Reproduce exactly the lines of this material that begin at the line with "リバティフェルダとスモーキー" and end at the line with "原材料(副菜):(すべて国産)白菜、しめじ、 刻み昆布、米酢、醤油、ごま油、 食塩(一部に小麦、大豆、ごまを含む)", both included. Omit the pictures and everything else.

======== Input

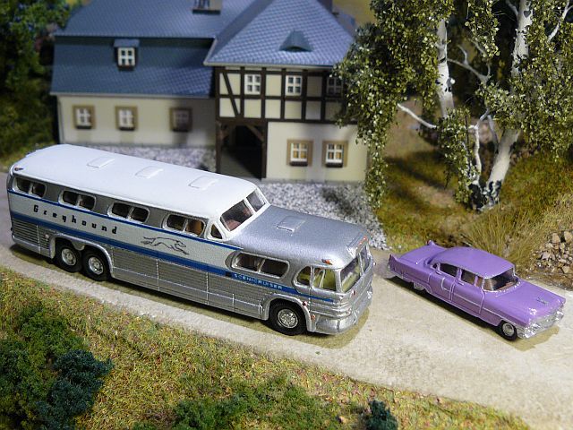 ![]() 1954 GMC PD-4501 GREYHOUND-Bus und 1955 Cadillac Fleetwood Sixty Special RailTT |
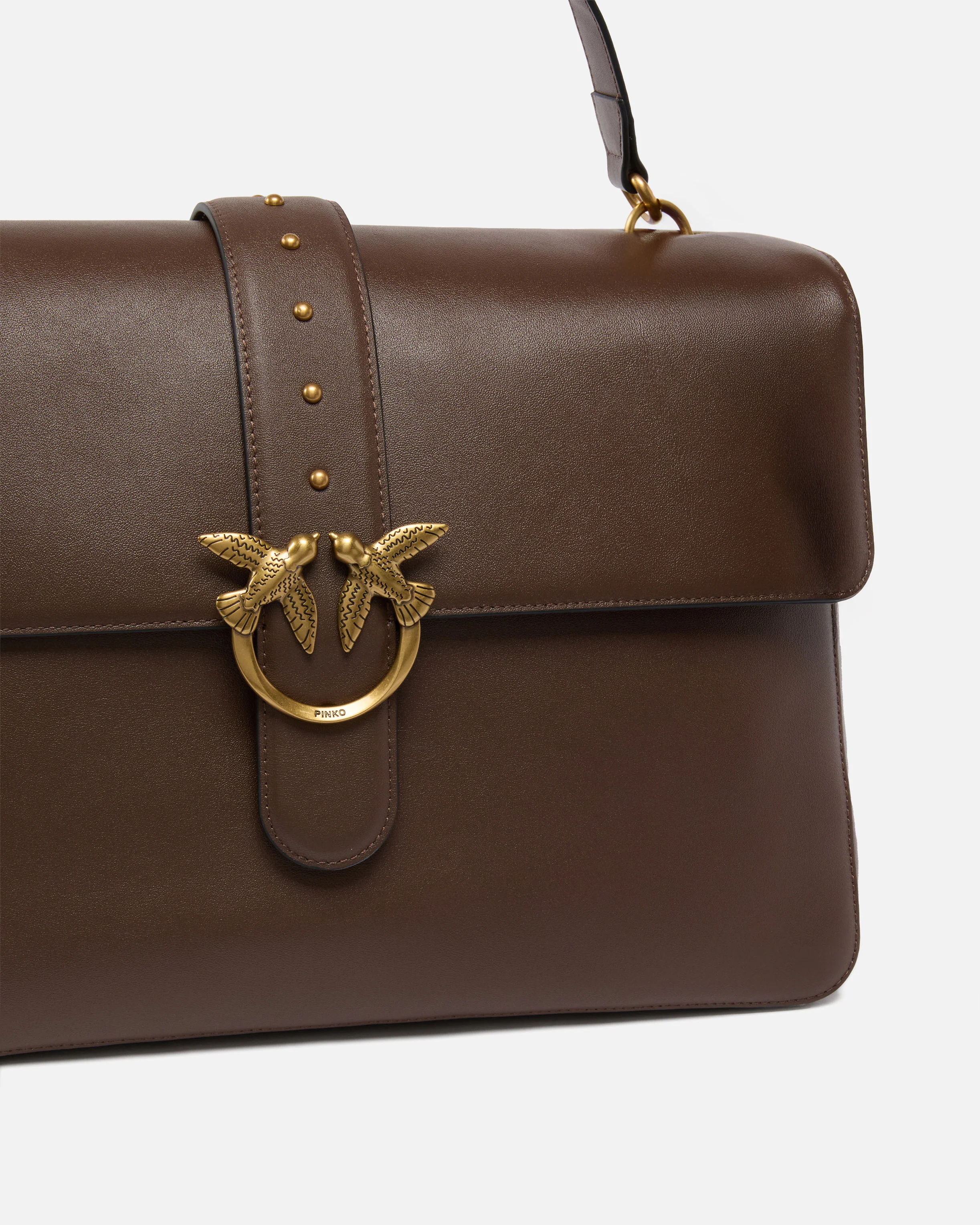 Maxi Extra Love Bag Slouchy shoulder bag with a trapezium shape in soft leather, complete with cotton lining. Featuring by a leather handle for carrying by hand or on the shoulder, the bag is extremely versatile and practical. The small studs give the accessory a bold and personal touch, while the Love Birds Diamond Cut buckle embodies the inimitable style of the brand. Activate your PINKO bag: verify the authenticity of your product and access a personalised experience by scanning the Love Birds embroidery on the back of the bag with your smartphone!
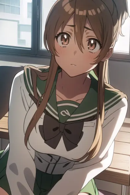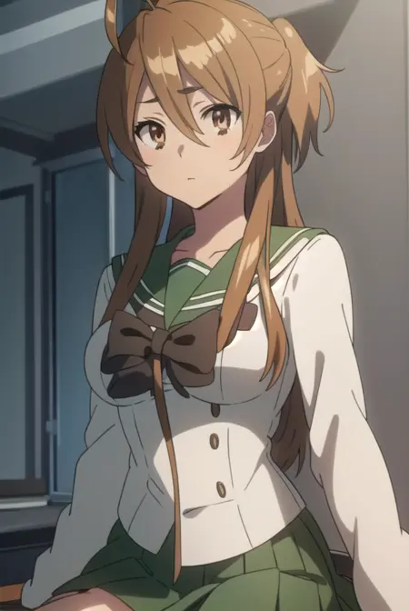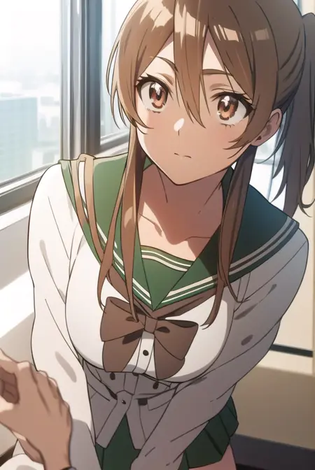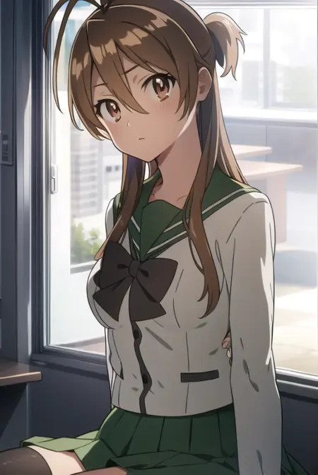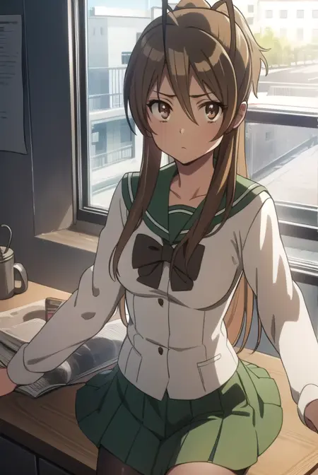 rei miyamoto, 长发, 棕发, (棕色眼睛:1.5), 天线发, 马尾,
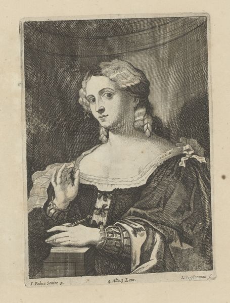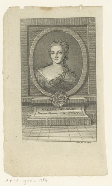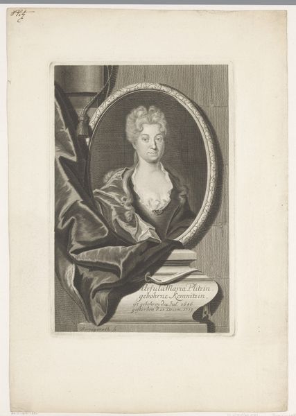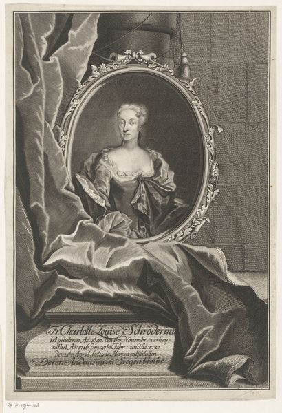 This is Johann Martin Bernigeroth’s "Portret van Johanna Christiana Wagner," made using etching. The composition immediately draws our eye to the oval portrait dominating the center, which softens the sharp rectangular architecture behind it. Bernigeroth uses stark contrasts between light and shadow which direct our gaze. The subject emerges from an inky black curtain, drawing her figure into sharp relief. To the right, a marble relief featuring an angel and another portrait provides an interesting counterpoint. This juxtaposition introduces a play of surfaces that oscillate between flatness and depth, the real and the represented. The contrast between light and shadow highlights the subject's face, drawing her features into sharp relief. This, combined with the oval frame containing her portrait, suggests a structuralist concern with enclosure and a semiotic engagement with conventional modes of display and representation. The work becomes an exploration into the dialectical relationship between illusion and reality.
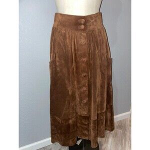 Leather School Italy Suede Maxi A-Line Skirt size L Button Front Western
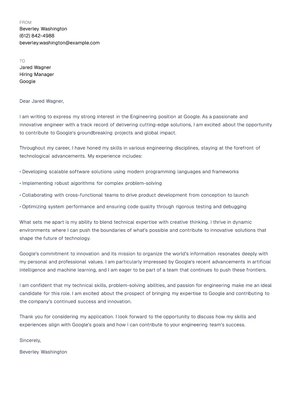 I am writing to express my strong interest in the Engineering position at Google. As a passionate and innovative engineer with a track record of delivering cutting-edge solutions, I am excited about the opportunity to contribute to Google's groundbreaking projects and global impact.
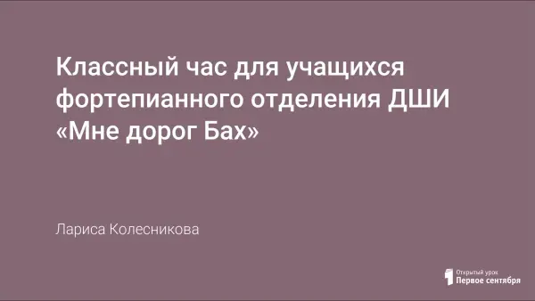 Классный час в ДШИ «Мне дорог Бах» посвящен творчеству великого немецкого композитора, произведения которого входят в репертуар юных пианистов с первых шагов. Участвуя в классном часе с элементами театрализованной постановки, учащиеся смогут ближе познакомиться и лучше понять его музыку, образное содержание которой составляют глубокая скорбь и простодушный юмор, духовное просветление и философские размышления. Она повествует о вечном, о том, что истинно и прекрасно.
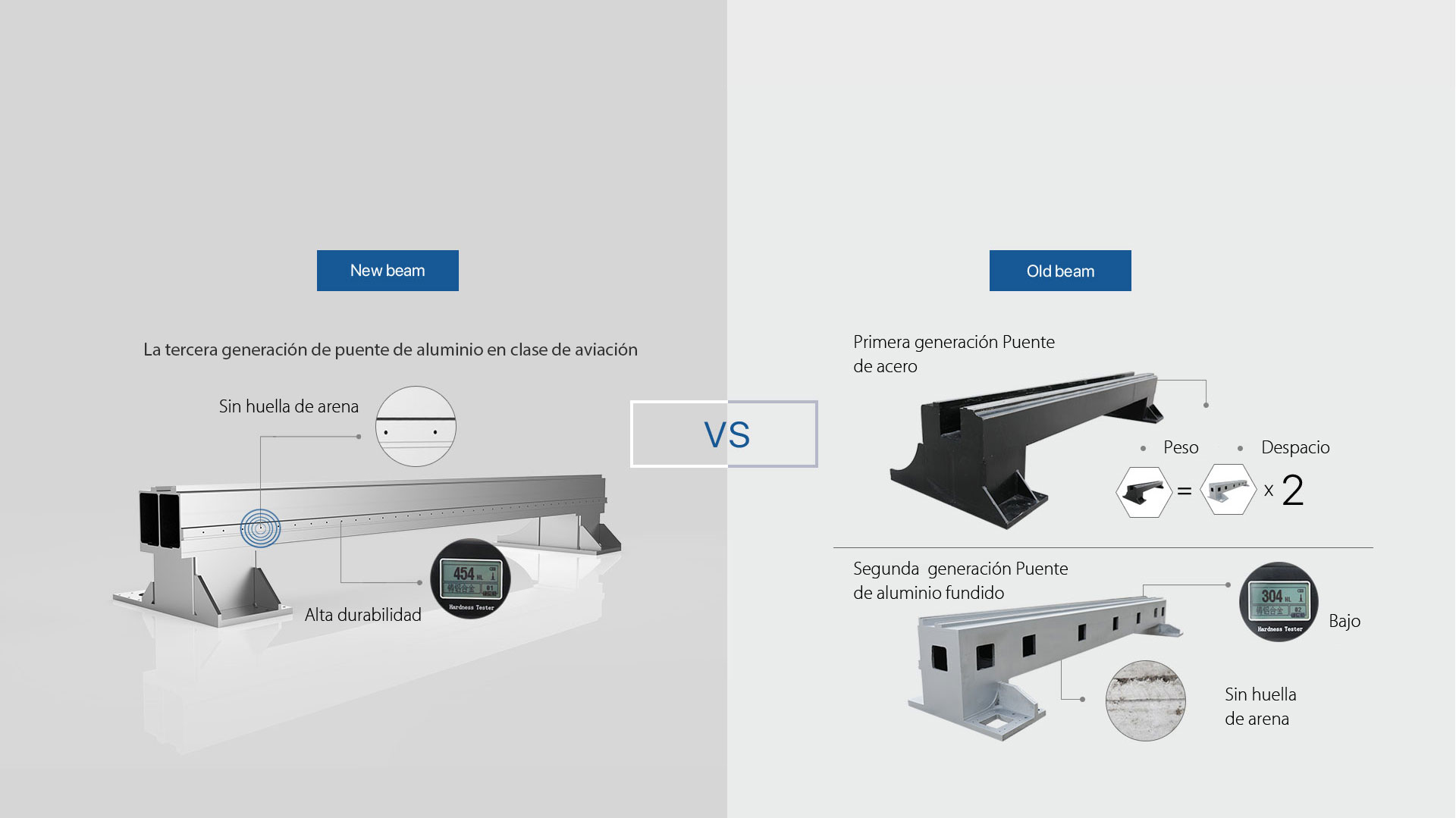 La placa soldada al banco de trabajo de alta resistencia garantiza que no haya deformación en 20 años, adecuado para un dispositivo láser de una potencia de diez mil vatios. Este aumento de peso aumenta la velocidad de corte de la máquina.
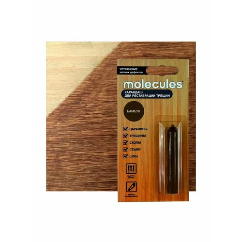 Карандаш для реставрации трещин Molecules оттенка «бамбук» предназначен для быстрой маскировки небольших повреждений, царапин, стыков, сколов на деревянной мебели, предметах декора, ламинате, паркетной доске, пластике, поверхностях из ДСП, МДФ и фанеры.Твердый воск можно использовать как в жилых помещениях, так и на террасах и в местах с повышенной влажностью. Подходит для восстановления оконных рам внутри дома, хорошо сцепляется с поверхностью, не смывается, не окисляется, долго сохраняет защитные свойства.Преимущества воскового карандаша:отталкивает влагу;визуально обновляет деревянные поверхности;сохраняет рельеф древесины;излишки легко удаляются спиртом.Длина карандаша — 64 мм. Страна производства — Россия.
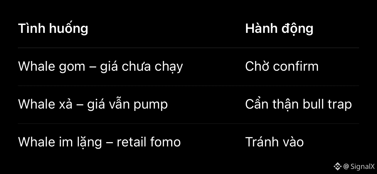 ❌ Sai lầm phổ biến: Thấy whale là FOMO theo ngay.
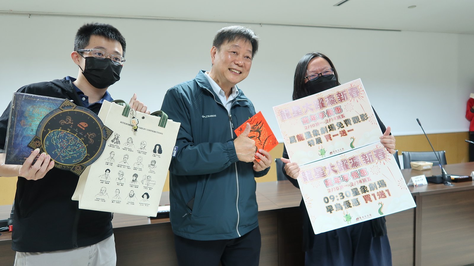 臺南市長黃偉哲表示,今年是臺南400年,臺南從年初開始就精彩活動不斷,春節期間南瀛天文館更是優惠多多,連假期間龍寶寶身分別免費觀賞星象劇場及特展買1送1,再加碼民眾可享劇場第一場早鳥票買1送1優惠、星空小棧促銷福袋及消費滿額贈禮外,更有龍年特色春字春聯供免費索取!同時還有刺激好玩的「威龍闖天關」付費遊戲攤位,本次提供最大獎是AirPods,走過路過千萬不要錯過。
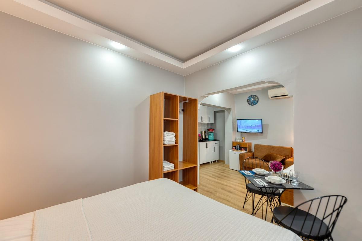 프라이빗 스튜디오 아파트, 술탄아흐메트 구시가지 중심부에 위치한 전용 욕실과 전용 출입구, 모든 주요 역사 명소 블루 술탄아흐메트 모스크 & 하기아 소피아 & 톱카프 궁전 & 지하 수조 및 술탄아흐메트 센터까지 도보로 단 몇 분 거리에 있습니다. 아파트에는 다음과 같은 시설이 갖춰져 있습니다. * 에어컨 * 무료 와이파이 * 위성 채널이 나오는 평면 TV * 정형외과용 매트리스 * 미니 사이즈 주방 * 식탁/의자 * 다리미 및 다리미판 * 헤어드라이어 * 수건, 시트 및 담요, 무료 청소.
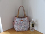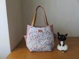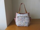 リバティフェルダとスモーキーピンクのバイオウオッシュ帆布でちょっと大きめのラウンドトートバッグを作りました。
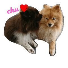 スタンプ説明 仲良しポメのチロルとチョコです(*´∇`*)
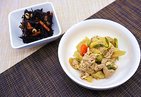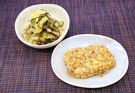 原材料(副菜):(すべて国産)白菜、しめじ、 刻み昆布、米酢、醤油、ごま油、 食塩(一部に小麦、大豆、ごまを含む)
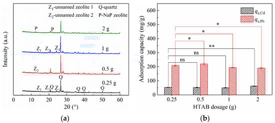 Figure 3 shows the influence of HTAB dosage on the characteristics of the modified CG products. As shown in Figure 3a, the formation of two distinct zeolitic phases, denoted as Z1 and Z2, was observed within the HTAB dosage range of 0.25 to 1 g. These phases were identified as Na8(Al6Si6O24)(NO2)2∙3H2O and K5Ca2(Al9Si23O64)∙24H2O, respectively. NaP zeolite was identified when 2 g of HTAB was used. HTAB is commonly employed as a modifier for coal-based solid wastes in previous studies. It is hypothesized that HTAB functions as an organic template, promoting the formation of crystalline NaP zeolite. Figure 3b shows that, with increasing HTAB dosage, qe,Pb initially increased and then decreased, reaching a maximum value of 213.4 mg/g at 0.5 g. In contrast, qe,Cd exhibited a peak value of 62.4 mg/g at 2 g. The observed disparity in adsorption performance may be attributed to distinct removal mechanisms for Cd2+ and Pb2+. Specifically, the formation of NaP zeolite during modification primarily enhances Cd2+ uptake, while the treatment with 0.5 g of HTAB favors the adsorption of Pb2+. Statistical analysis indicated that a HTAB dosage of 2 g was required to significantly affect qe,Cd, implying that enhancing qe,Cd may necessitate an increase in HTAB usage. Furthermore, HTAB dosage exhibited a moderate yet discernible influence on qe,Pb across the investigated range.
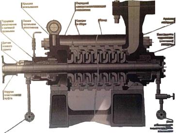 Насос типа ЦНС 240 - центробежный, горизонтальный, секционный, однокорпусный с односторонним расположением рабочих колес, с гидравлической пятой, подшипниками скольжения и торцовым уплотнением.
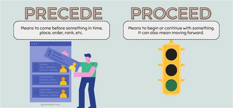 Web proceed means to move ahead, to continue. Web there’s one more thing we want to clarify: The use of preceding and proceeding. As shown in the tables above, preceding is. Our first sentence, then, calls for precede, because the skills day will come before.
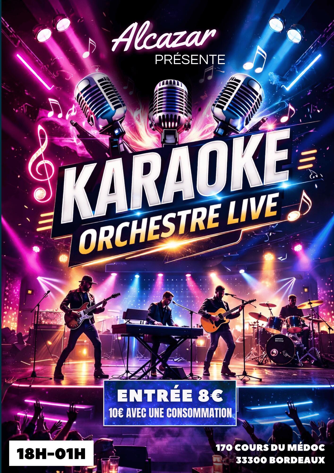 Vivez une soirée festive et pleine d'énergie avec le Karaoké Orchestre Live de l'Alcazar ! Montez sur scène et chantez accompagné de musiciens en live pour une expérience unique, entre concert et karaoké.
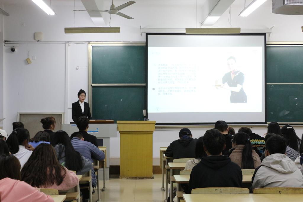 本次讲座培训内容主要包括社交礼仪、餐桌礼仪、仪表仪态礼仪等部分,还增设有奖提问环节,活跃了现场气氛,促进了同学们对礼仪内容的学习和理解。
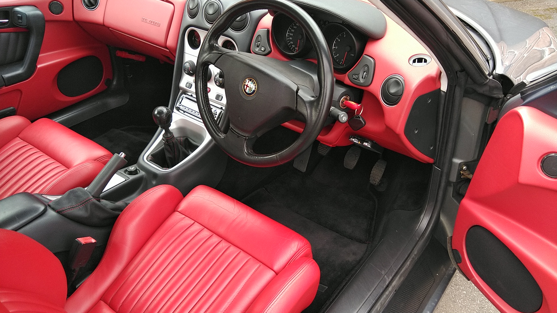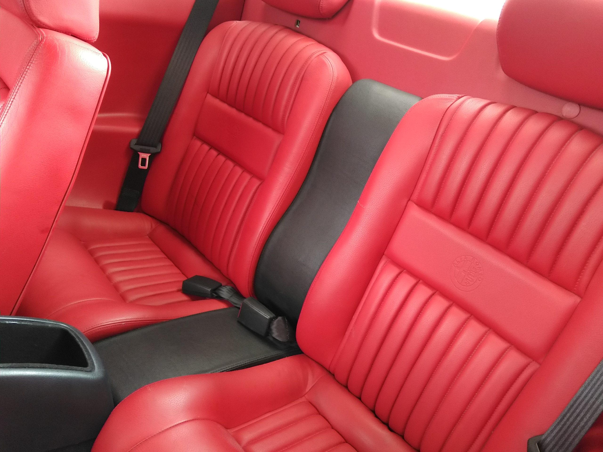 前オーナー様の愛情を感じられる大変素晴らしいコンディションのGTVのご案内です。渋いエクリプスグレーのボディカラーのGTVは探すとなかなかありません!目にも鮮やかなレッドレザーのインテリアは抜群のコンディションで劣化の避けられない天井も張替え済みです。タイミングベルト&ウォーターポンプは56,500㌔時に交換されており、さらに入庫時にGTA用軽量フライホイール&クラッチセットを使用してオーバーホールをいたしましたので鋭い吹け上がりをお楽しみください。
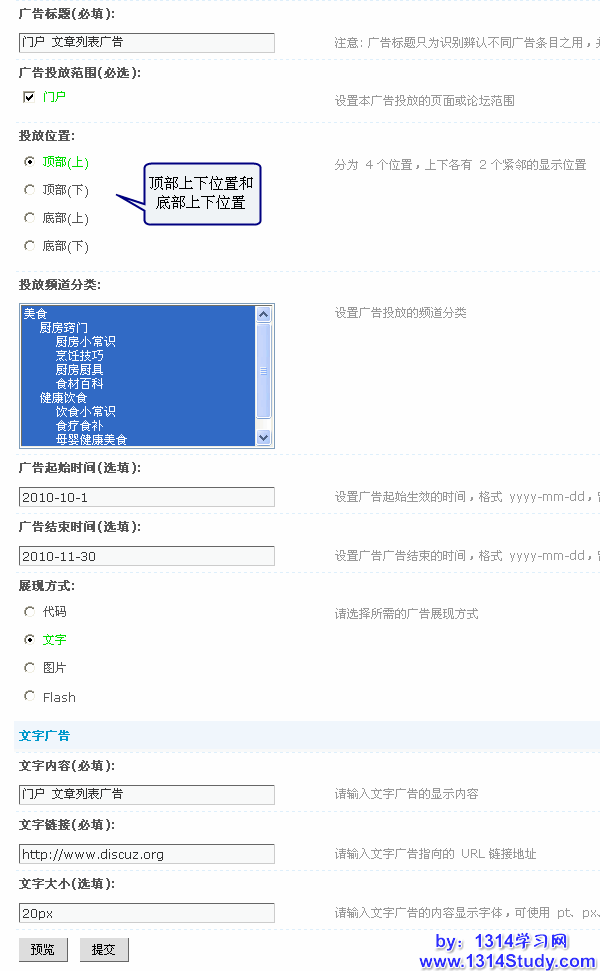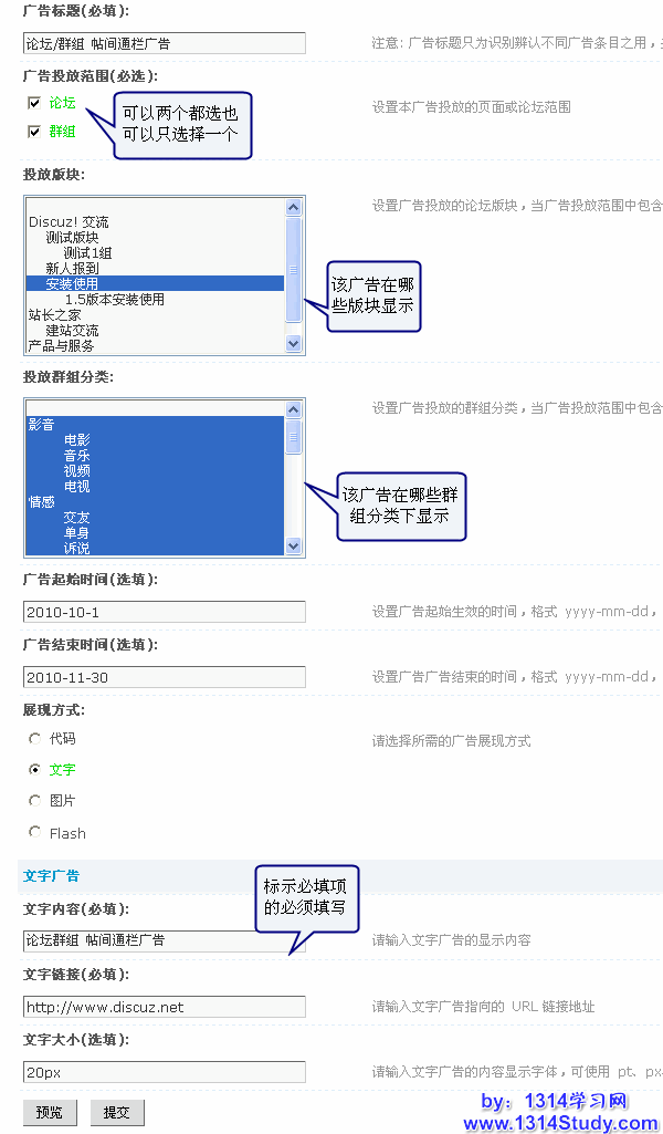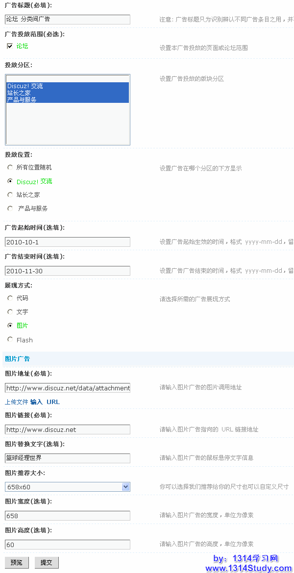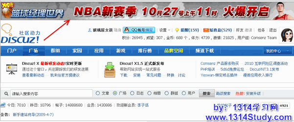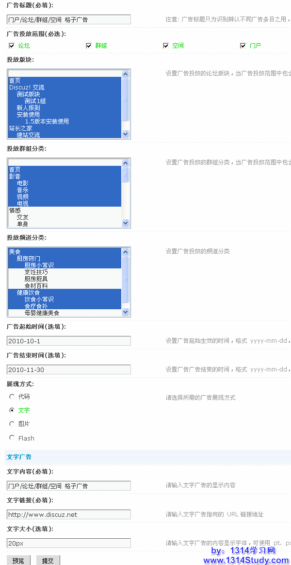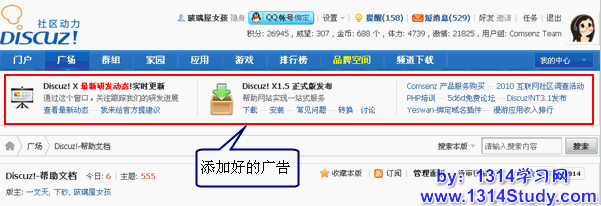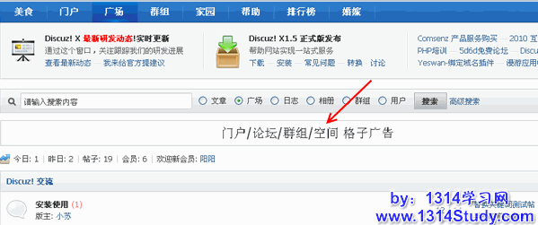 和 Discuz! X1 相比投放范围增加了门户和空间的投放。

================

= Solution to this problem =
 リバティフェルダとスモーキーピンクのバイオウオッシュ帆布でちょっと大きめのラウンドトートバッグを作りました。
 スタンプ説明 仲良しポメのチロルとチョコです(*´∇`*)
 原材料(副菜):(すべて国産)白菜、しめじ、 刻み昆布、米酢、醤油、ごま油、 食塩(一部に小麦、大豆、ごまを含む)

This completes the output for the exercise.